There was a slight fear that the makers of Singular Point might fumble Godzilla by funneling all of his scenes into pre-credits sequences that would eventually give way to yet more exposition, but I’m immensely relieved to say that Episode 10 delivers precisely the animated Godzilla experience I was hoping for. There’s an argument to be made that virtually everything he does here is merely an exercise in box ticking as everything you’d expect to see from the king of the monsters is covered within the episode’s brief run time. He engages the army, he fights another monster in the form of the new Rodan that arbitrarily shows up for no reason at all, he spectacularly unleashes his radioactive breath that’s stunningly realised and he basically takes control of the entire narrative the way you always hoped he would. There’s other shit, going on, of course with the secondary plot thread of Salunga making it to the surface – only to be halted once again – making sure the other monster stuff doesn’t fall by the wayside, but poor Salunga is now rapidly becoming dead weight as his entire story thus far has basically been that he escapes… but then he doesn’t.
Thankfully – and I can’t believe I’m saying this – the non-Kaiju stuff moves a hell of a lot smoother than it once did because now that some of the pieces have connected, I think I’m actually beginning to understand some of it… maybe. Not to get too ahead of myself, but the revelation that Godzilla himself is a singular point and is a main producer of the red dust that’s on the verge of choking the planet means that a lot of the complicated science just snapped into place. Similarly, the Kaiju bones, the old folk tune and the enigmatic Ashihara all get some much needed connective tissue and the show even manages to explain away the reason for all those irritating text conversations between Yun and Mei that’s bludgeoning us with rapid-fire techno bollocks since episode one. The fact that the times that their many messages were sent show up in the complex code hidden with the folk song weirdly mirrors the show itself with talk about codes being impossible to break until you know how to break them being especially valid in a meta kind of way.

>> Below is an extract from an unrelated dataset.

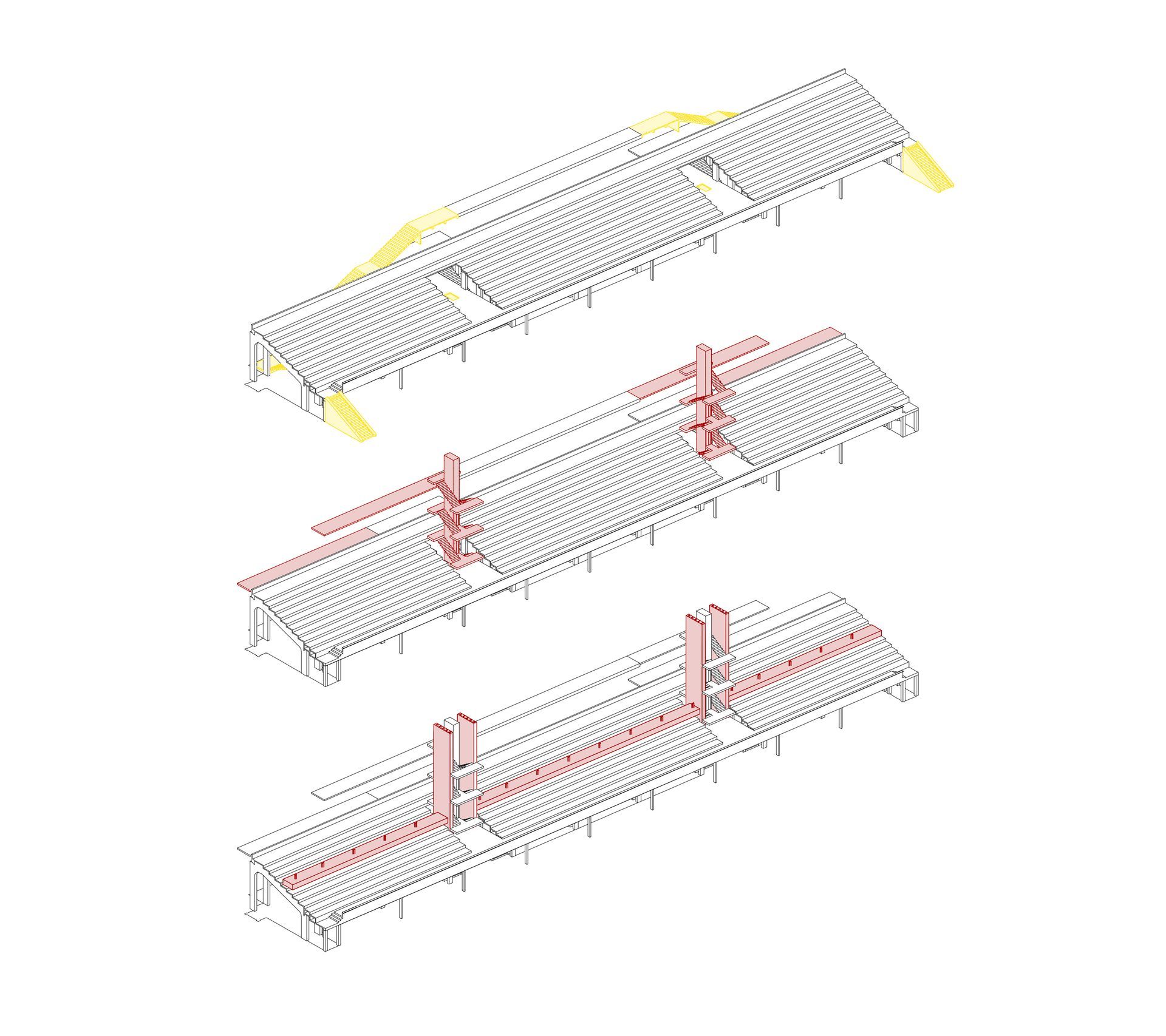 | Axonométries bureaux - démolition et projet

However, it’s all about Gozilka baby and now would probably be a good time to bring up Singular Point’s creature designs and execution as a whole. While I’ve already mentioned elsewhere that the Kaiju designs where overhauled and updated by former Studio Ghibli animator Eiji Yamamori, the look and weight of these much loved beasts have been something of a joy to behold. Blowing the dust from some of Toho’s best-loved supporting monsters cast and giving them long awaited comebacks, some of these guys have been in status since 2004’s Godzilla: Final and others even longer. However, in Godzilla, they really have saved the best till last and while the destructive, iconic bastard is still very much the Kaiju we all know and love, his final “Ultra” form is subtly different enough to differentiate it from the many other versions of the character we’ve seen in the past. More lizard-like than the rocky “Earth Godzilla” seen in the anime movie trilogy and sporting a more classic biology than the famously weird, body horror look of Shin Godzilla, he may be somewhat smaller than some of his peers, but he still radiates the same sense of overwhelming power he always has – well, maybe not so much in the 70’s…


The wait has paid off and our reward is watching Godzilla detonate a sizable chunk of Tokyo with his awesomely cool radioactive breath in a way that invokes the final shot of Godzilla 2000, however, whether the show can maintain this momentum with three episodes yet to go remains to be seen.
Until then, Godzilla still remains a goddamn “thrilla”.